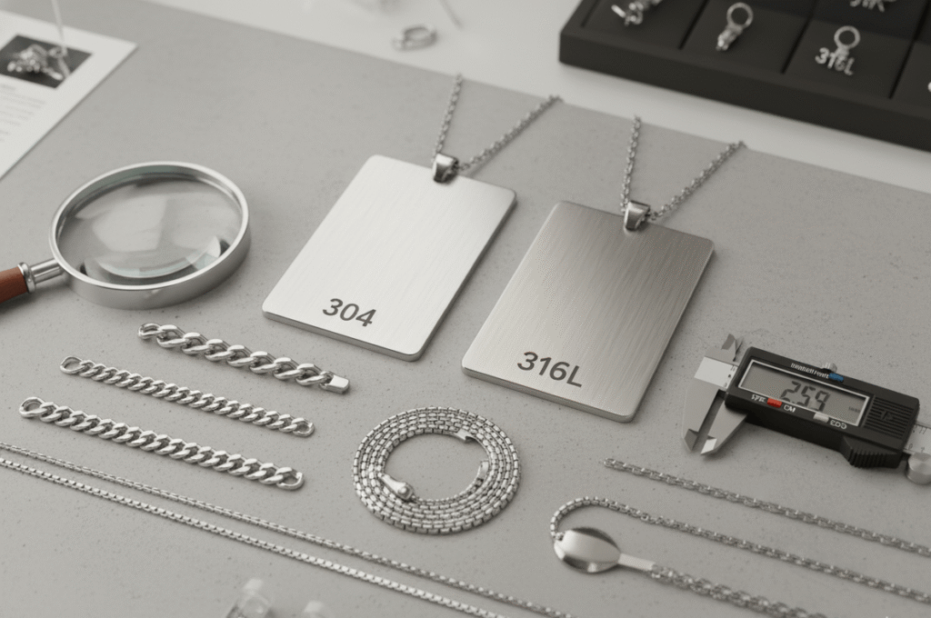When I first started purchasing necklaces from Chinese factories, I learned the material grade made the biggest difference in overall quality and longevity. Most jewelry suppliers use either 304 or 316L stainless steel, but not all grades are equal. Each grade offers distinct performance characteristics, particularly in corrosion resistance, comfort, and cost.
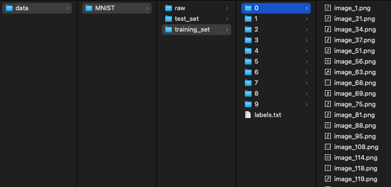 data/MNIST/row/ 폴더에 다운로드된 데이터셋 정보를 이용하여 image파일로 복원하고 해당 숫자(0-9)별로 폴더를 생성하고 각 숫자에 맞게 폴더내에 저장하도록 구현해 보았다.
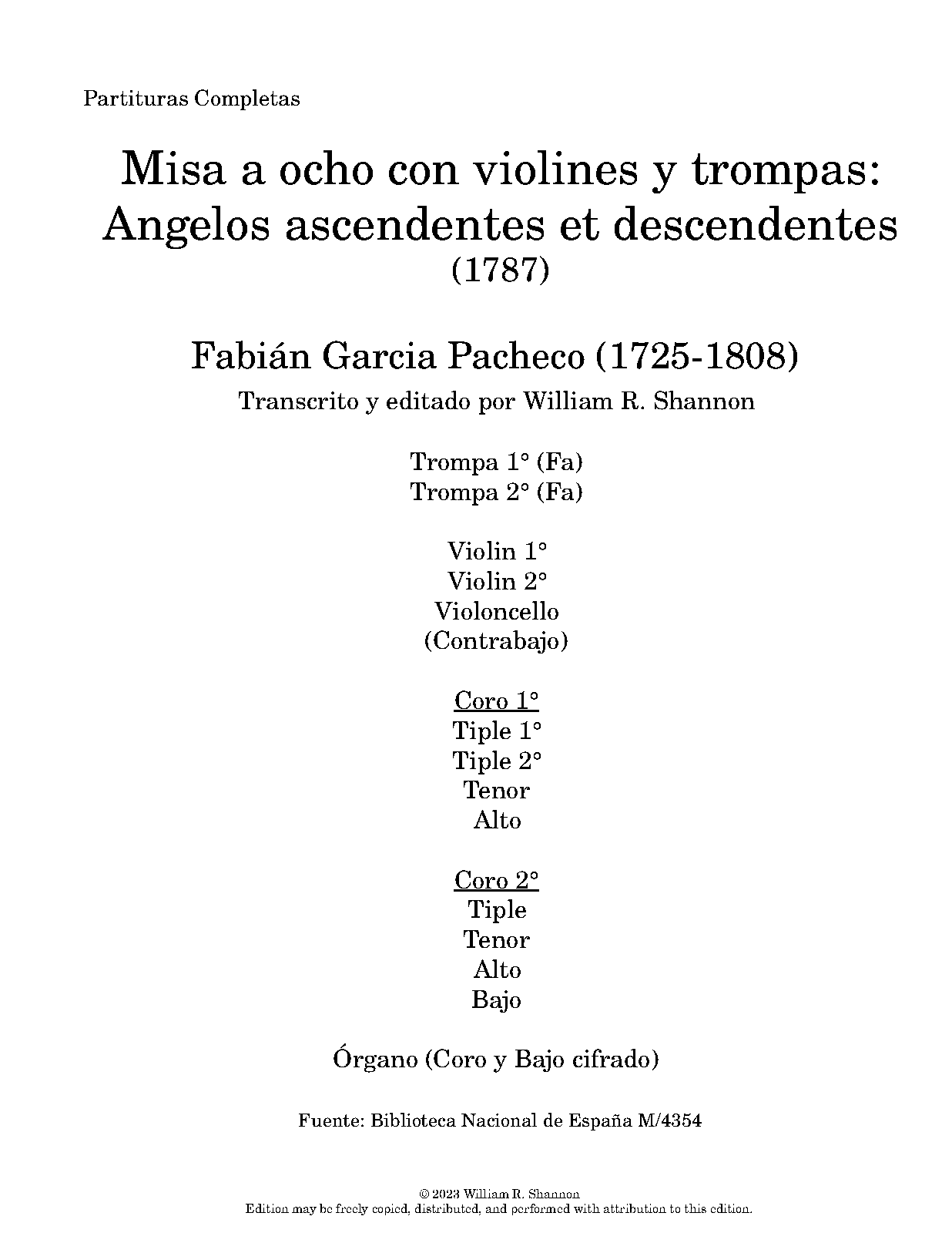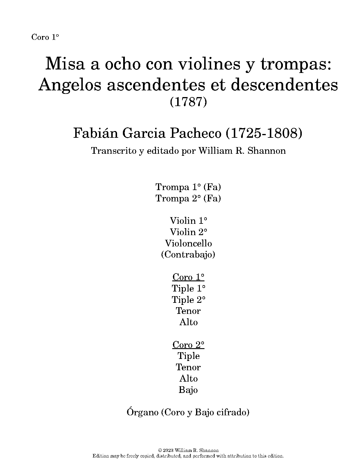 | Work Title | Misa a ocho con violines y trompas: Angelos ascendentes et descendentes |

________________

Pictures are to be omitted from the copy. Reproduce exactly, and only, the lines from the one containing "data/MNIST/row/ 폴더에 다운로드된" to the end of the listing above.

§ Task output
 data/MNIST/row/ 폴더에 다운로드된 데이터셋 정보를 이용하여 image파일로 복원하고 해당 숫자(0-9)별로 폴더를 생성하고 각 숫자에 맞게 폴더내에 저장하도록 구현해 보았다.
 | Work Title | Misa a ocho con violines y trompas: Angelos ascendentes et descendentes |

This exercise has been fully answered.